Да, правда. Микелис ел за этим же столом, да так основательно, что ложку не бросит, пока дотла не выест. И все-таки Микелиса не слышно было и не видно. Как не замечаешь муху, которая жужжит под потолком. Как не слышишь шума ветра за окном. Он был, и как будто его не было. Занимал место, но не мысли. Хотели — слушали его, если же нет — и внимания на его болтовню не обращали. С чужим было все по-другому. Он улегся на ничье место, и сразу стало как-то неуютно. Хоть больше молчал. А ел и того меньше, да медленно, смакуя, тщательно выбирал.

— Не по душе пришлось? — спросила мать, когда чужой раньше всех положил ложку.

Нет, нет, вкусно, только он едок небольшой. «Желудок» не принимает.

Так он живот называл. Как рижская тетушка. Много он знал чужих, заимствованных слов, которые со временем прижились и в Новом доме. Сприцис служил в солдатах, потом по городам, в присутственных местах, но городская «живодерня» не для него оказалась. Вот и подался на село.

Мать тоже вскоре отложила ложку.
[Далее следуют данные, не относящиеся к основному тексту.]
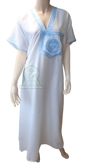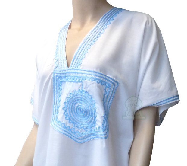 Gandoura marocaine de couleur blanche avec brodure bleue ciel et grande poche au niveau du cole - REF. 19271 (25.00 €)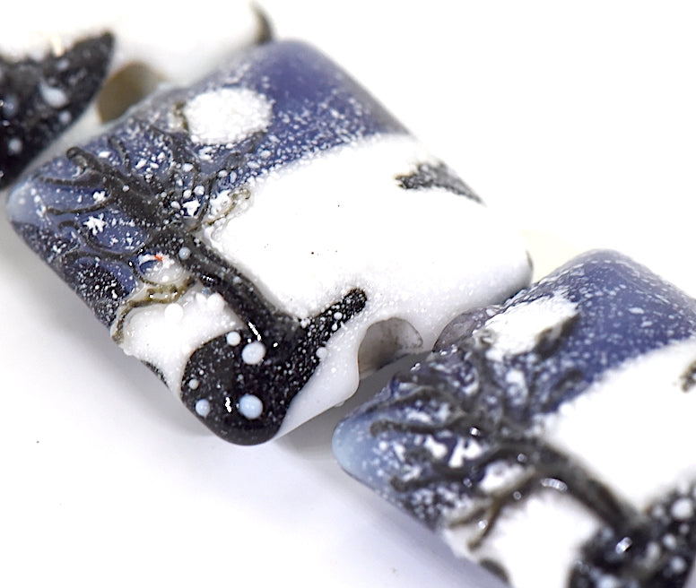 A set of four Snow Night lentil beads, featuring the same design on both sides.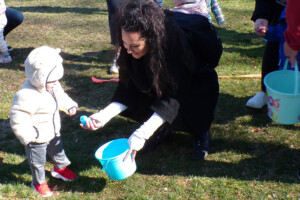 Mom helps her child grab an Easter egg.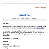 We confirmed with Priceline in October 2023 we were charged for an item we should not of been. We provided all the information they requested. Now we are in February 2024 and after many, many calls and emails all they keep repeating is to call them. Very questionable business practice. I do not recommend them at all.
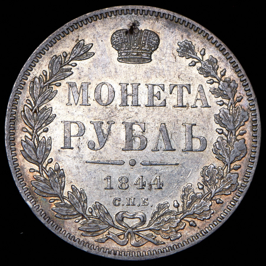 В центре указан номинал «МОНЕТА РУБЛЬ» в две строки. Над номиналом – Корона Российской империи. Под номиналом расположен декоративный разделитель в виде двух разнонаправленных фигурных линий и небольшой окружности между ними, в центре которой, выпуклая точка. Под разделителем — дата выпуска монеты «1844». Под цифрой даты — обозначение монетного двора «С.П.Б.». Вдоль канта, не доходя до короны, изображен венок из лавровой и дубовой ветви, которые в нижней части перевязаны лентой на узел бантом. По окружности канта имеются рельефные элементы, выполненные в виде зубцов.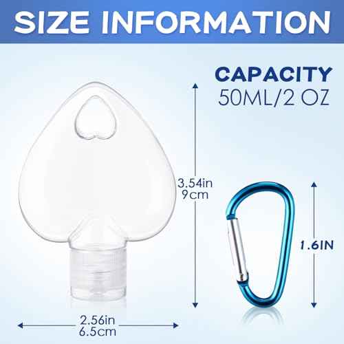 100 Pcs Traveling Bottles with Keychain 2oz Clear Keychain Bottle Plastic Empty Refillable Liquid Packing Container Squeeze Plastic with Lid for Liquid Cream (Heart)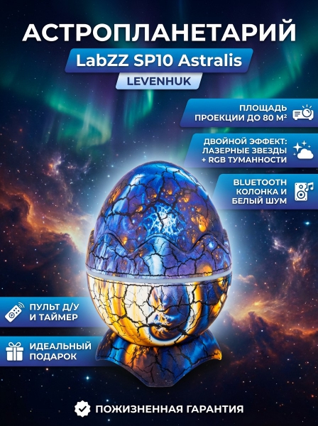 Астропланетарий Levenhuk LabZZ SP10 Astralis - ОписаниеАстропланетарий LabZZ SP10 Astralis – это космический проектор в виде фантастического яйца динозавра, который понравится детям и подросткам своим необычным дизайном и удивительными возможностями. Прибор умеет показывать красочные проекции туманностей и звезд, а также воспроизводить музыку со смартфона. Планетарий украсит собой интерьер и поможет создать фон для вечеринки или съемки креативных видео, а перед сном его можно использовать в качестве ночника. Помимо музыки, можно запускать белый шум, который помогает сделать сон более глубоким и восстанавливающим.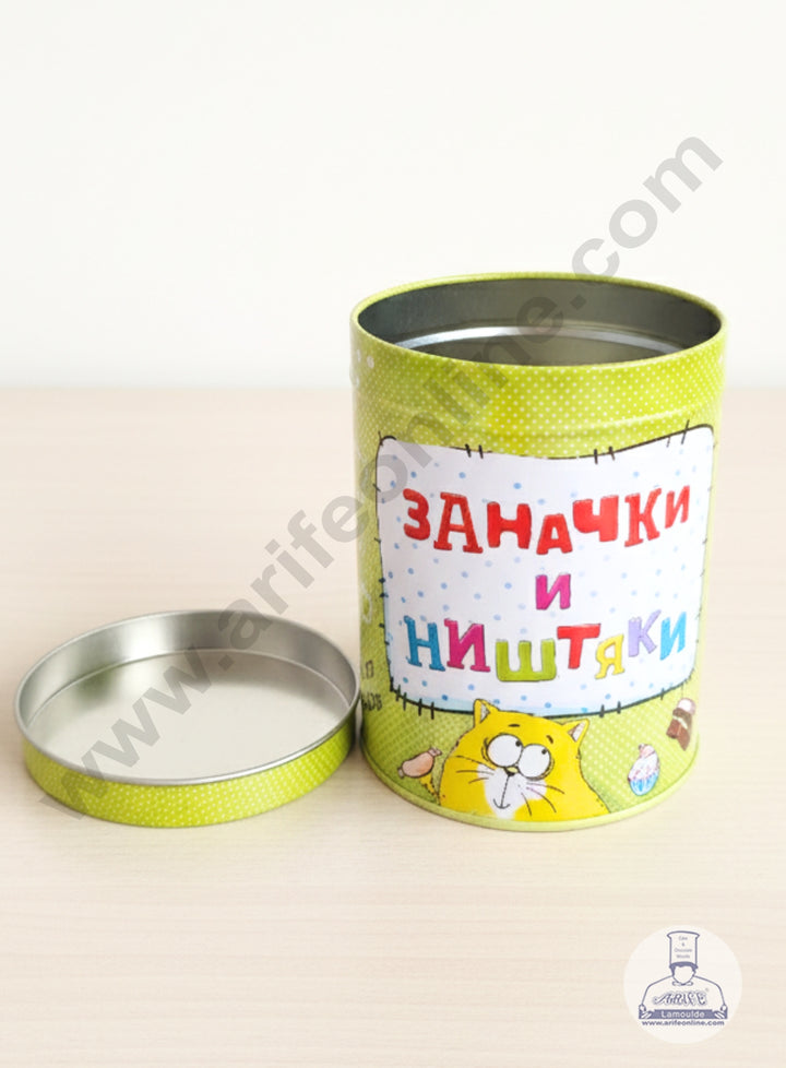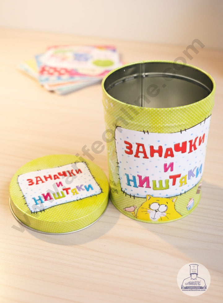 This is a decorative, cylindrical metal storage tin with a removable lid, featuring a whimsical and playful design with text in Cyrillic script, likely intended for a fun or casual use like a money box or snack container.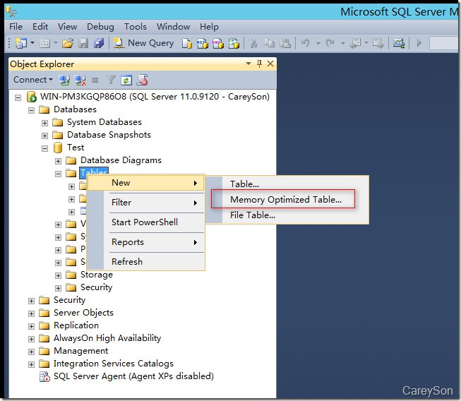 目前SSMS还不支持UI界面创建内存优化表,因此只能通过T-SQL来创建内存优化表,如图5所示。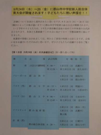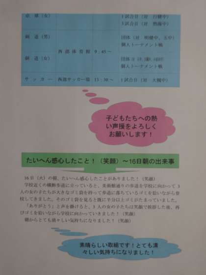 記事の内容は「『県中・県南中学校新人陸上競技大会』で陸上部2名の子どもたちが県大会出場決定!(拍手)」「9月24日(水)〜26日(金)に郡山市中学校新人総合体育大会が開催されます!子どもたちに熱い声援を!!」「たいへん感心したこと!(笑顔)〜16日朝の出来事」です。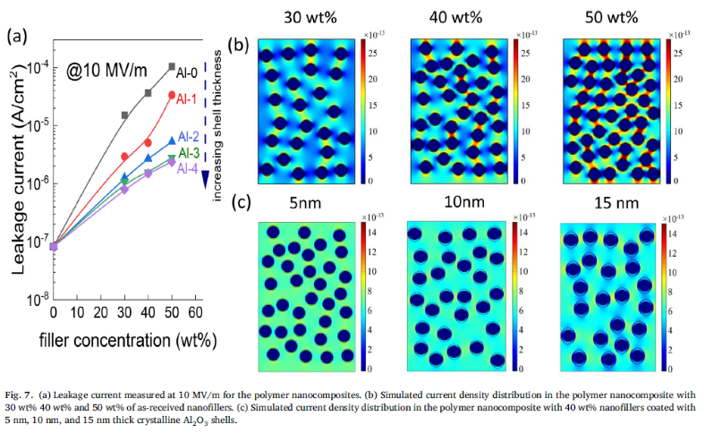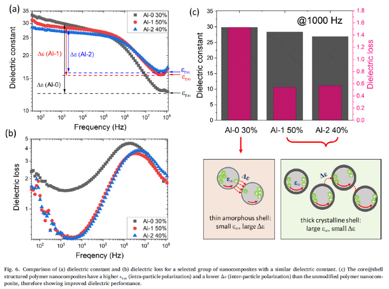 针对此问题,我们设计和制备了系列含不同厚度及结构(非晶及晶体)的氧化铝外壳的核壳结构铝粒子,和聚偏氟乙烯复合后,研究了填料含量及外壳结构对纳米复合材料的结构及介电性能影响。晶体氧化铝外壳对纳米复合材料的低场及高场介电性能的影响结果表明,绝缘壳的引入绝非仅仅降低了损耗,Al@Al2O3/PVDF的高介电常数主要源自粒子内的快速极化(粒子内的电子极化)和粒子间的慢极化(粒子间的电子迁移),相比常规逾渗体系中2类极化的耦合关系和不能协同调节状况,本研究中的构筑的Al2O3晶体外壳利于独立或解耦控制2类不同的快、慢极化模式。通过改变填料含量及外壳结构促进粒子内的快极化,抑制粒子间的慢极化,核壳结构纳米复合材料能获得同步的高介电常数及低损耗,介电性能远超过表面未改性粒子体系的。此外,随着非晶氧化铝外壳转化为晶体结构,复合粒子的热导率逐步提高,纳米复合材料的导热性能及高电场下的绝缘电阻相应得到提高和改善,使得在高电压下运行的材料因良好的散热效果及高绝缘特性而处于安全和稳定的低温环境,部分实验结果见图5-7,9所示。本研究结果为设计同步具备高介电常数、低损耗及良好热机械性能的逾渗复合材料提供了有益参考。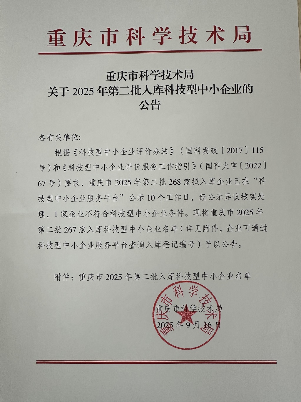 重庆市2025年第2批入库科技型中小企业名单公告正文.jpg PICTURE

После смерти отца совсем она мало есть стала. Сприцис заметил это. Что с ней? Почему не ест? Выспросил все, что да как. Мать отвечала неохотно, но он сам все вызнал: задаст вопрос, утвердительно головой покачает. Желудок во всем виноват, наконец сказал уверенно. Лекарство предложил.

Тут же вскочил, словно нашлось полезное, нужное занятие, и, чуть загребая ногами, подошел к своему сундучку. А в нем тщательнейшим образом были уложены кулек к кулечку, коробочка к коробочке. У него, мол, чаи разные, травы сам собирал, сам и сушил. Все названия знает и от чего какая помогает.

В глазах домочадцев Сприцис сразу на ступеньку выше поднялся. Настои свои готовил сам. По вечерам придет с кастрюлькой, отольет. Матери полегчало. Она пьет и, знай, нахваливает.

И Аукенихе понадобились отвары Сприциса. И голова-то кругом, и колотье в боку, и пучит. Она тоже пьет, и у нее всю немочь как рукой сняло.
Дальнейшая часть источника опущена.